Does all splitting fields have characteristic 0?

Question

Does all splitting field have characteristic 0?

This may be a bad question, but I am wondering because the author of a book I am reading summarises a lot of properties when he is about to start with Galois theory, one of the properties is:

If E is a finite extension of F and is a separable splitting field over F, then $|G(E/F)|=\{E:F\}=[E:F]$.

However in the relevant chapter I can not see this proved, the closest thing I find is:

We have completed our aim, which was to show that field of characteristic 0 and finite fields have only separable finite extensions, that is, these fields are perfect. For finite extensions E of such fields F, we then have $[E:F]=\{E:F\}$.

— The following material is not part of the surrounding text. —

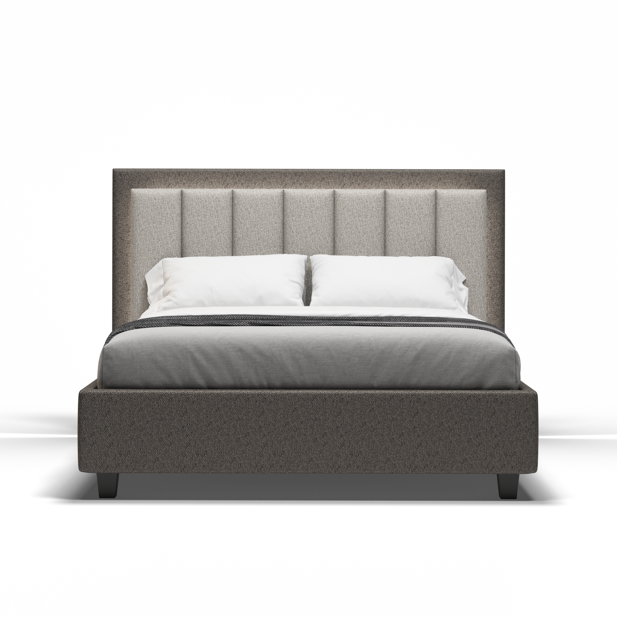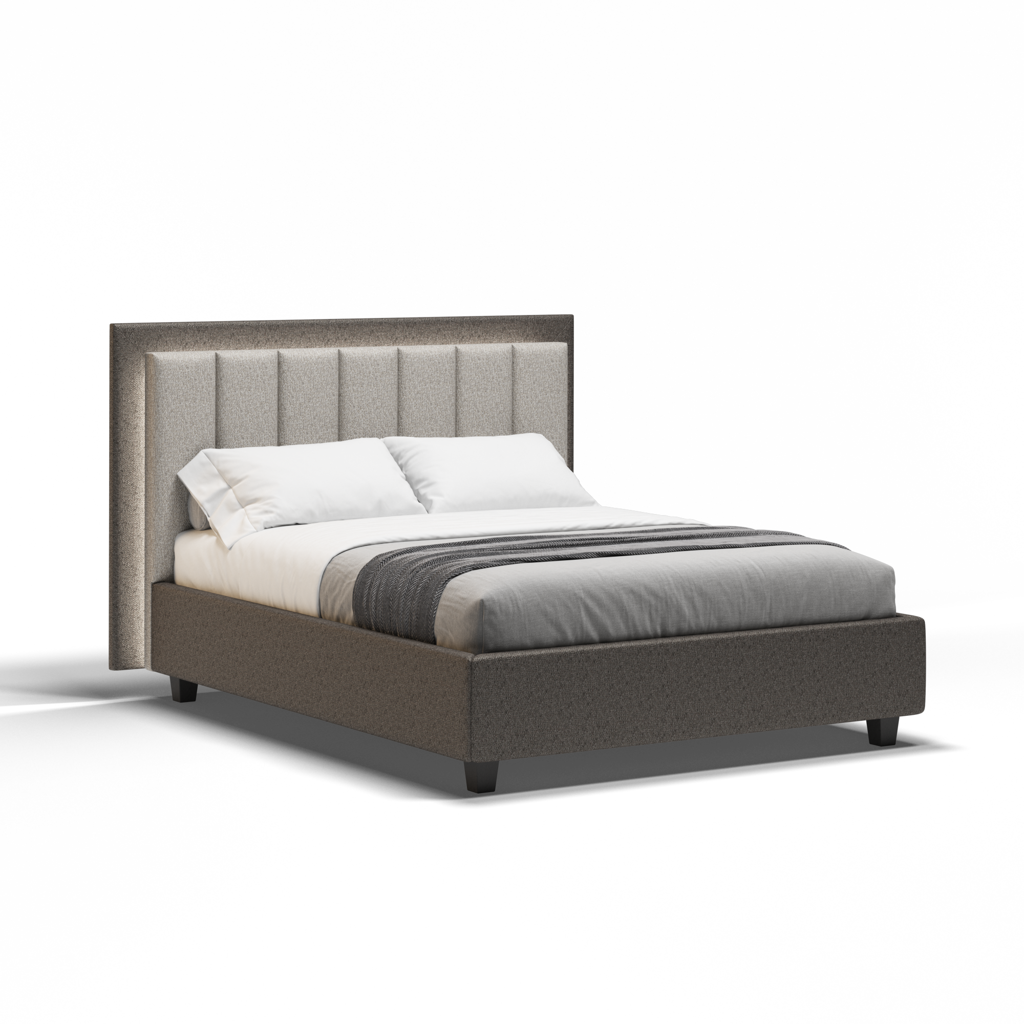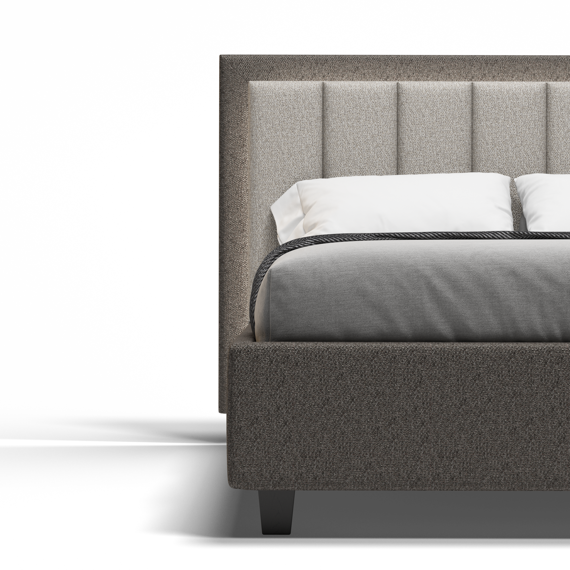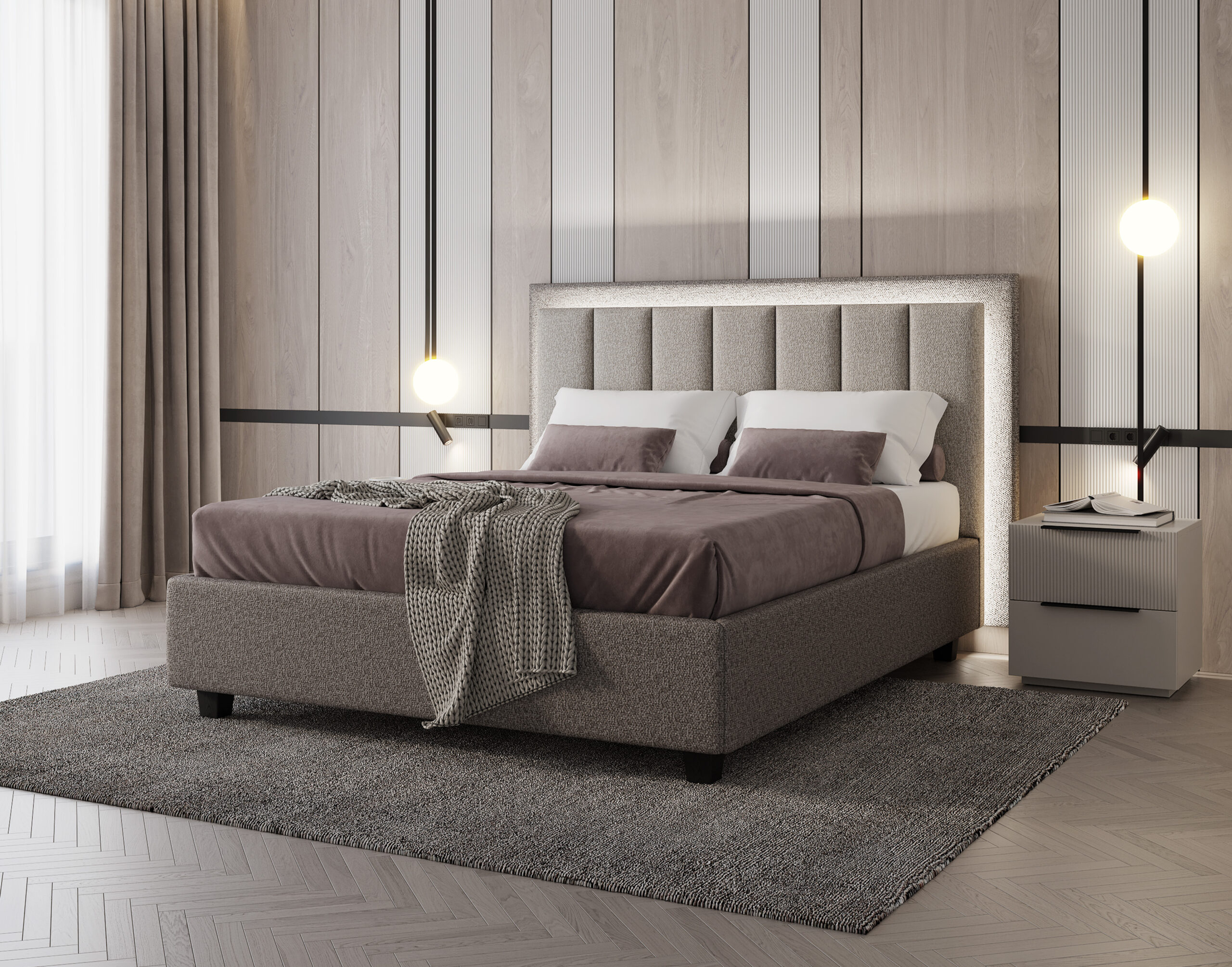 Леглото Silenzio привлича погледа с високата си табла, чийто вертикален ритъм е очертан от фини, равномерни шевове. Просторните му пропорции засилват усещането за ред и височина в помещението, превръщайки стената в графично продължение на вътрешния покой. Таблата, облечена в мек текстил, е създадена не само за естетика, но и за комфорт – като опора по време на четене или почивка. Щедрата ѝ височина и деликатната текстура придават спокойно благородство на цялото пространство.

Does the first sentence in some way follow from the second? It would if I could prove that all splitting fields are are either finite or have characteristic 0?

Answer 1

A field $E$ over $F$ is a splitting field if it is the smallest field extension of $F$ containing all the roots of some polynomial $p \in F[X]$ (defined regardless of the characteristic of $F$). Let $\alpha_1, \ldots, \alpha_n$ be the roots of $p$ in an algebraic closure. Then the splitting field of $p$ over $F$ is $E=F(\alpha_1, \ldots, \alpha_n)$ (smallest field containing $\alpha_i$). This is a finite extension of $F$ since each $\alpha_i$ is algebraic over $F$ (and any extension of $F$). You can form a (finite) tower of finite extensions: $F \subset F(\alpha_1) \subset F(\alpha_1,\alpha_2) \subset \ldots \subset E$.

Compare this with a normal extension, which may be infinite. One characterization of a normal extension $E$ over $F$ is that $E$ is the splitting field for a (possibly infinite) family of polynomials in $F[X]$.